Zadie Smith has one of the brightest younger voices in British literature. Now 36, she has written notable books – the novels “White Teeth,” “The Autograph Man” and “On Beauty” and the essay collection “Changing My Mind,” as well as sharply conceived cultural and arts criticism. She wrote the much-praised “White Teeth” while attending Cambridge and has earned comparisons to no less than Dickens and Rushdie. It won the Guardian First Book Award, the Whitbread First Novel Award, and the Commonwealth Writers’ Prize, and she went on to earn other literary honors.

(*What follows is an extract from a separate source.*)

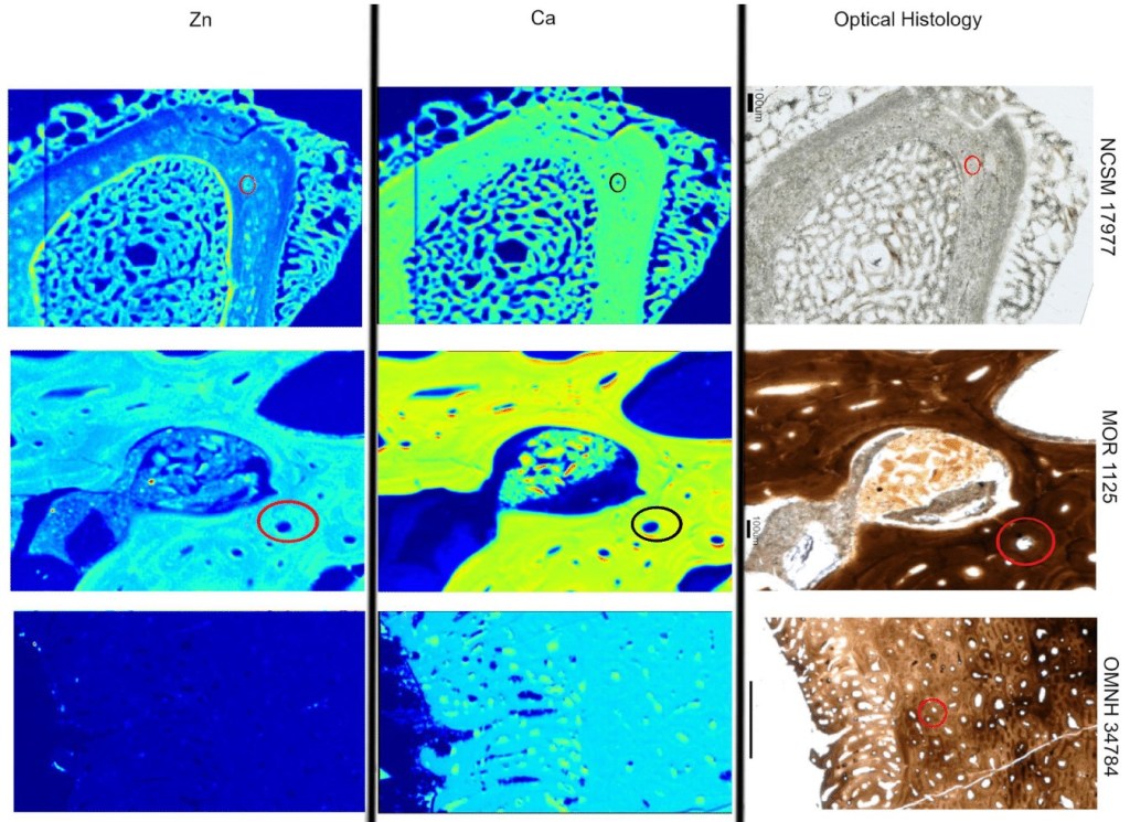 Anné et ses collègues ont analysé un fragment de fémur de MOR 1125 avec un synchrotron utilisant la fluorescence des rayons X. Ils ont comparé leurs résultats avec ceux de l’analyse d’un os d’oiseau actuel (un radius de cacatoès, NCSM 17977) et d’un tibia de Tenontosaurus (OMNH 34784). La réaction des éléments chimiques face au rayonnement X projeté par l’action du synchrotron permet de les identifier.
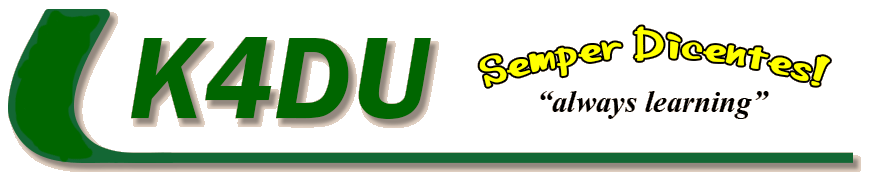 After a hiatus for school (West Chester University), service in the USAF and then school again (The Ohio State University BS '72 MA '74), I returned to the hobby and was licensed as KA8DOX in Columbus, Ohio. We moved to the Charlottesville (VA) area in 1982. In 1987 the callsign changed to N4ROD. In 1988 when I upgraded to Advance class the call sign changed to KM4DU and then in 1996 to K4DU.

Born to a British father and Jamaican mother in an ethnically mixed part of Northwest London – that’s the NW that gives her latest book its title – she was named Sadie, but llater changed it to Zadie because, she told the Guardian newspaper, “it seemed right, exotic, different.” “NW” is her latest, and eagerly awaited, novel. It has earned high praise from many reviewers and has baffled others, but any Zadie Smith book is worth your consideration.

What is this book about?

Four characters are the central focus of this book about people growing up in Northwest London in the Caldwell council estates, which is what the British call public housing, who take widely and wildly divergent paths as adults. Central  is Natalie Blake, born Keisha, who has left behind her name and her impoverished family, with its many discontents and failings, and has become a gentrified woman – a barrister married to a wealthy man, with children and all the attendant trappings of success. Some call her a “coconut” – dark outside, white inside – and you probably will not be surprised to learn that wealth and success have not brought her happiness. Since childhood, Natalie/Keisha’s life has been entwined with that of Leah Hanwell, who is white and married to an African hairdresser, Michel. Then there’s Nathan, whom the women have known since childhood and who is barely surviving a drug-filled life, and Felix, who has renounced the druggie life and is looking to move up.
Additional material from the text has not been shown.